A funky silver-coated PCB and a cooler that belongs on the Starship Enterprise mark this card out from the generic, homogenous offerings we've been witness to recently. The 9600 Pro is built on a 0.13-micron manufacturing process and doesn't require an auxillary power connector found on the more power-hungry Radeons higher up in the range. Most casual observes would reckon that the silver PCB is just a nod towards pure looks, but Triplex maintain that silver is integral to achieving a low board temperature (it's a decent conductor, after all) and reducing EMI interference. The card did feel pretty cool when touching it under heavy GPU load. On the left-hand side of the cooler is Triplex's wireless TV-Out and VIVO interface.

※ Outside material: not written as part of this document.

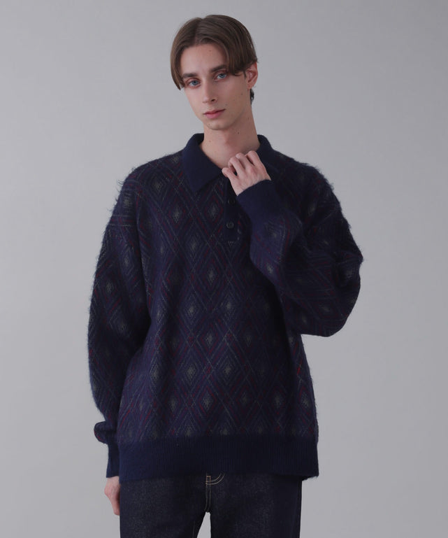 【程よくクラシックな雰囲気を漂わせるアーガイル柄のニットポロ】

The TV-Out module is available separately, and also with an upgraded version of this card.

The cooler seems to be a concerted exercise in form over substance. As you can see from the above picture, the upper part of the cooler doesn't do very much at all. The actual cooling apparatus is a small ribbed aluminium cooler that's attached to the board via two pushpins. We feel as if a little more care is needed with the cooler's attachment to the PCB, because our sample's was free to move around with the minimum of force. Indeed, initial benchmarking was fraught with random lockups and reboots. The culprit, it transpired later, was the poorly applied cooler.

The RV350 in all its naked glory. Triplex had the care and attention to add a smidge of thermal paste between the VPU and cooler. Adding a thick lashing of Artic Silver 3 and re-attaching the cooler appeared to stabilise the card for benchmarking purposes.

Samsung DDR700MHz-rated chips find their way on to the Triplex REDai. These are exactly the same chips found on our Crucial Radeon 9800 Pro; a card that's vastly more expensive. 128MB of TinyBGA of 2.8ns chips is some specification for a midrange card. You'll not bee too shocked to learn that this is no standard 9600 Pro. The Triplex bumps up the VPU's speed from the standard 400MHz to a conservative 420MHz. Memory speeds, on the other hand, rise from the standard 600MHz to the 9800 Pro's 680MHz. That's not to say that this card has similar bandwidth and greater pixel-pushing power than ATi's flagship card, because the 9600 Pro uses half the rendering pipes (four vs. eight) and half the memory bus (128-bit vs. 256-bit) of the 9800 Pro. There are other technological differences that allow the premier card to function better than this midrange accelerator.

Nothing much to get excited about here. Triplex don't intend to launch a dual DVI version in the near future. If you were wondering where the title REDai name is derived from, wonder no longer.

It's red, it looks like an eye, and it resembles my eyes the morning after a heavy session on the intoxicating kind of juice.